I have this following regex:
/<(?:textarea|select)[\s\S]*?>[\s\S]*?(\{\{\{variable:(.+?)\}\}\})[\s\S]*?<\/(?:textarea|select)>|<(?:input)[\s\S]+?(value=[\s\S]+?)(\{\{\{variable:(.+?)\}\}\})[\s\S]+?>|(\{\{\{variable:(.+?)\}\}\})/im
And this (shortened) HTML document:
<!DOCTYPE html>
<html lang="en">
<head>
<meta charset="utf-8">
<title>Test</title>
</head>
<body>
<section id="about">
<div class="container about-container">
<div class="row">
<div class="col-md-12">
{{{block:welcome-intro}}}
</div>
</div>
</div>
</section>
<section id="services">
<div class="container">
<div class="row">
<div class="col-md-12">
<p>You are using system version: {{{variable:system_version}}}</p>
<p>Your address: {{{variable:contact-email-address}}}</p>
<form action="http://k.loc/content/view/welcome" class="default-form" enctype="multipart/form-data" method="post" accept-charset="utf-8">
<input type="hidden" name="csrfkcmstoken" value="94ee71ada809b9a79d1b723c81020c78" />
<div class="row">
<div class="col-sm-12 form-error"></div>
</div>
<div class="row"><div class="col-sm-12"><fieldset id="personalinfo"><legend>Personal information</legend><div class="row"><div class="col-sm-12">
<div class="control-label">
<label for="testinput">Name<span class="form-validation-required"> * </span></label>
</div>
<div class="hint-text">Enter at least 2 characters and a maximum of 12 characters.</div><input id="testinput" name="testinput" placeholder="Enter your name here." class="input-group width-50" type="text" value="{{{variable:system_name}}} {{{variable:system_login}}}"><div class="row"><div class="col-sm-12"><div class="form-error"></div></div></div></div></div><div class="row"><div class="col-sm-12">
<div class="control-label">
<label for="testpassword">Password</label>
</div>
<div class="hint-text">Your password must be at least 12 characters long, contain 1 special character, 1 nunber, 1 lower case character and 1 upper case character.</div><input id="testpassword" name="testpassword" placeholder="Enter your password here." class="input-group width-50" type="password"><div class="row"><div class="col-sm-12"><div class="form-error"></div></div></div></div></div></fieldset></div></div><div class="row"><div class="col-sm-12"><fieldset id="bioinfo"><legend>Biographical information</legend><div class="row"><div class="col-sm-12">
<div class="control-label">
<label for="testtextarea">Biography</label>
<span class="hint-text">A minimum of 40 characters and a maximum of 255 is allowed.

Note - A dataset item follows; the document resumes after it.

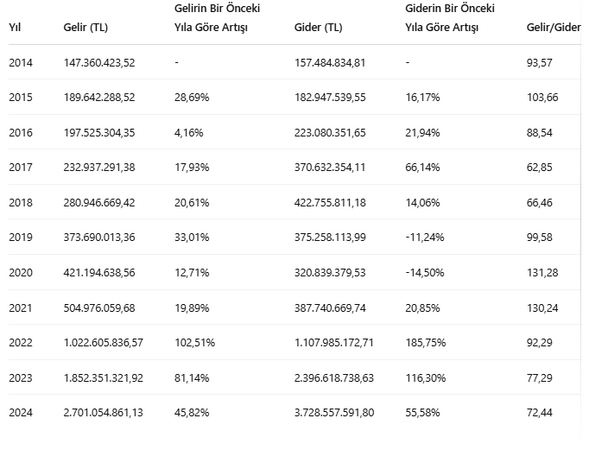 2014’te 157,48 milyon TL olan giderler, 2024 yılı itibarıyla 3,72 milyar TL’ye ulaşarak büyük bir artış gösterdi. Ancak, gelir ve gider arasındaki denge de zaman içinde değişim gösterdi. Öne çıkan bir diğer detay, gelirlerin giderleri karşılamadaki oranı. 2014 yılı itibarıyla gelir/gider oranı %93,57 iken, 2024 yılı itibarıyla bu oran %72,44’e gerilemiş durumda.

This hint is displayed inline.</span>
</div>
<textarea id="testtextarea" name="testtextarea" placeholder="Please enter your biography here." class="input-group-wide width-100" rows="5" cols="80">{{{variable:system_name}}}
{{{variable:system_login}}}</textarea><div class="row"><div class="col-sm-12"><div class="form-error"></div></div></div></div></div><div class="row"><div class="col-sm-12">
<div class="control-label">
<label for="testsummernote">Interests</label>
<span class="hint-text">A minimum of 40 characters is required. This hint is displayed inline.</span>
</div>
<textarea id="testsummernote" name="testsummernote" class="wysiwyg-editor" placeholder="Please enter your interests here."><p>{{{variable:system_name}}}<br></p><p>{{{variable:system_login}}}</p><p>{{{variable:activate_url}}}<br></p></textarea></div></div></fieldset></div></div><div class="row"><div class="col-sm-12"><button name="testsubmit" id="testsubmit" type="submit" class="btn primary">Submit<i class="zmdi zmdi-arrow-forward"></i></button></div></div>
</form> </div>
</div>
</div>
</section>
</body>
</html>
Parsing above HTML document to find {{{variable:whatever}}}
yields this result:
Array
(
[0] => Array
(
[0] => {{{variable:system_version}}}
[1] => {{{variable:contact-email-address}}}
[2] => <input type="hidden" name="csrfkcmstoken" value="94ee71ada809b9a79d1b723c81020c78" />
<div class="row"><div class="col-sm-12 form-error"></div></div>
<div class="row"><div class="col-sm-12"><fieldset id="personalinfo"><legend>Personal information</legend><div class="row"><div class="col-sm-12">
<div class="control-label"><label for="testinput">Name<span class="form-validation-required"> * </span></label></div>
<div class="hint-text">Enter at least 2 characters and a maximum of 12 characters.</div>
<input id="testinput" name="testinput" placeholder="Enter your name here." class="input-group width-50" type="text" value="{{{variable:system_name}}} {{{variable:system_login}}}">
[3] => <textarea id="testtextarea" name="testtextarea" placeholder="Please enter your biography here." class="input-group-wide width-100" rows="5" cols="80">{{{variable:system_name}}} {{{variable:system_login}}}</textarea>
[4] => <textarea id="testsummernote" name="testsummernote" class="wysiwyg-editor" placeholder="Please enter your interests here."><p>{{{variable:system_name}}}<br></p><p>{{{variable:system_login}}}</p><p>{{{variable:activate_url}}}<br></p></textarea>
)
)
[0]
and [1]
are correct, as they do not appear within a select/textarea/input tag.[3]
and [4]
are correct, because they are only encapsulated by one select/textarea/input tag.I am learning regexes and still do not understand all the concepts, but I am getting better, so please excuse if my terminology is wrong, but it does appear that it does a greedy match of some sort. I am expecting to only see <input id="testinput"...{{{variable:...}}}">
at index [2]
.
The end goal is to only replace these placeholders with different data if they are not inside a textarea/select/input.
Why would index [2]
match so many elements, and how can this be fixed?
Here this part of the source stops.